Thursday, 1 November 2012

Sometimes its not just about RC

Let me state from the start - I do NOT condone deliberate drug cheating in sport. Those people deserve to be caught and punished, but with the news that Anthony West has failed a doping test (most likely because of using a decongestant while trying to ride with a cold), I think its time the anti-doping/drugs hysteria that's gripping the world's sports has to end! 

The World Anti-Doping Agency's list of banned substances is over 8 pages long with drugs listed paragraph style rather than in point lists. I started to count them but quickly gave up when I got to over 40 in the first paragraph of steroids alone, NOT including their alternate names. IN the stimulants section I counted over 60 items, again not including their alternate names, which in some cases can have 15 or more alternate names. To make it even MORE difficult each section is finished with a line that allows unknown substances to be included simply because of having similar effects.

We hold our sports stars in such high esteem that its hard to imagine, let alone accept, some think that cheating is the only way forward, but at the same time there are many who simply work hard and give their all for their sport. At the same time, with very few exceptions, they are not chemists and I personally think it is unrealistic to expect them to walk around with a list of every banned substance every time they go to the pharmacy or shopping. In reality the banned substance list numbers into the hundreds when you include all the alternate names that chemicals can be marketed under. When you consider that the vast majority of us can't even be bothered to check the additives in our foods why do we expect our sports people to make exhaustive checks of every chemical that might be in a nasal spray, something we would buy from the chemist without even a moments hesitation?

In the case of Ant West, the chemical he failed the test on is very common in nasal decongestants and some dietary supplements and it's stimulant properties are considered weak and in some clinical tests, non-existent. It is NOT required to be listed in the ingredients of some products and even if it IS listed can be listed under 1 of 18 DIFFERENT names! Some of which sound decidedly herbal in nature.

One point I want to put out there for thought is what is the definition of "performance enhancing"? I consulted many online sources including a paper published in a Harvard Law journal, as well as grilling my Human Biology educated partner and the fact is that its an incredibly complicated subject which, for the main part is over-simplified by most sporting bodies. Yes steroids and blood doping provide obvious performance enhancements, but so can non-banned substances such as Tylenol or other such drugs which can relieve muscle soreness, or an asthma inhaler which can open airways and improve respiration. What about dietary supplements and vitamins? They obviously do aid the performance of the athlete, but most anti-doping bodies would never consider this "performance enhancing". 

Pain meds are a personal interest because of my interest in motorsport and in particular for this blog, MotoGP. Many riders, at different times, have ridden with varying amounts of pain medication which allows them to ride, but again this is not considered "performance enhancing", but its hard to imagine someone riding with some of the injuries motorcycle riders have ridden with in the past (broken bones, torn ligaments etc) without the use of pain medication to mask the effects of the injury on their riding ability. Then there is the whole subject of custom manufactured braces etc. Recently a celebrated MotoGP rider had a serious accident and the only way he could compete was with a custom made carbon fiber brace to support his injuries. Is that not also "performance enhancing"? Many professional tennis players require the use of braces and other wrappings to ensure they can complete matches - Performance enhancing? What really muddies the waters is that the governing bodies of some sports WILL define a pain medication as a performance enhancing drug but others won't! How can that possibly be acceptable?
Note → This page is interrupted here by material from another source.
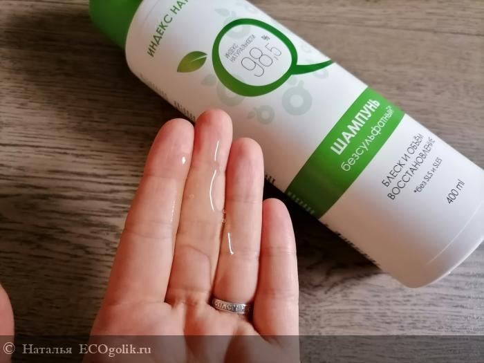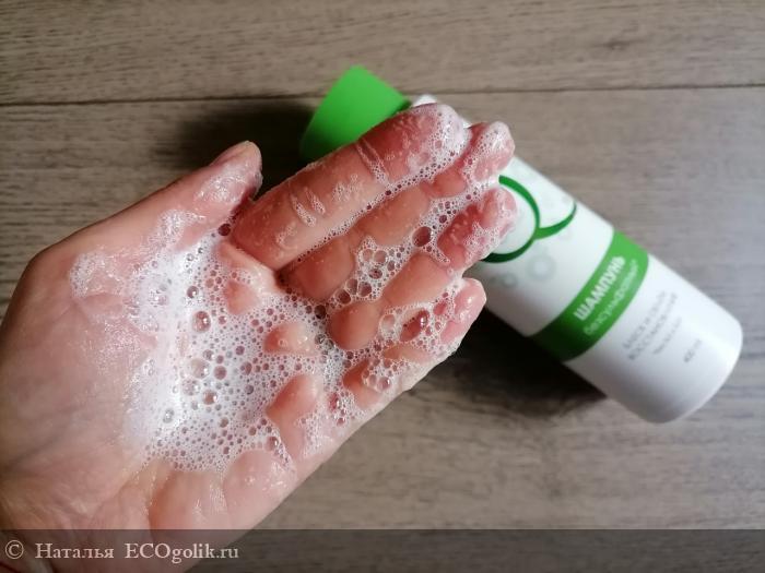 "Безсульфатный Шампунь обладает отличным и мягким пенообразованием, который обеспечивается комплексом на основе солодового экстракта и ПАВов на кокосовом / пальмовом масле и глюкозе. Придаёт объём, обеспечивает расчесывание волос без применения кондиционера".

This blog has gotten to the point where it could turn into a rant and that's not the intent but I do think we have over-simplified a serious and complicated issue in order to both feel appeased in ourselves that something is being done and for the authorities to always appear as if they are doing something to justify their positions AND their remuneration. It's worth noting that the USADA's pursuit of Lance Armstrong only kicked into high gear because of 2 factors - 1) Refusal of the U.S. Justice Department to pursue the case in the Federal courts, as it has done with other USADA cases, and, 2) After the USADA's $13.7 Million a year ($9 Million provided by taxpayers) no questions asked, budget started to be queried by members of Congress. It is also worth noting that since the Armstrong case, legislation has been tabled in the U.S. congress to force the USADA to under go more oversight examination to make sure in can justify its activities.

Ok, back to my base point. I don't condone deliberate doping/drugs in sport, but I also don't believe that the onus should be forced completely back onto the sportspeople to ensure they are not unknowingly or accidentally taking a banned substance because the ability to know EVERY banned substance is practically impossible. The Anti-Doping bodies MUST do more than stand there waving a big stick around. If governing bodies of sports want to ban every single substance that MIGHT have some stimulant or other possible performance enhancing effect, than maybe they should also take on the responsibility of providing athletes the list of APPROVED products they can use, in-particular for everyday items we take for granted like cold and flu remedies. Too simply say a particular chemical is a banned substance without taking any responsibility upon themselves to help athletes avoid that substance is LAZY and, IMO, points to a reactive rather than proactive approach to the problem.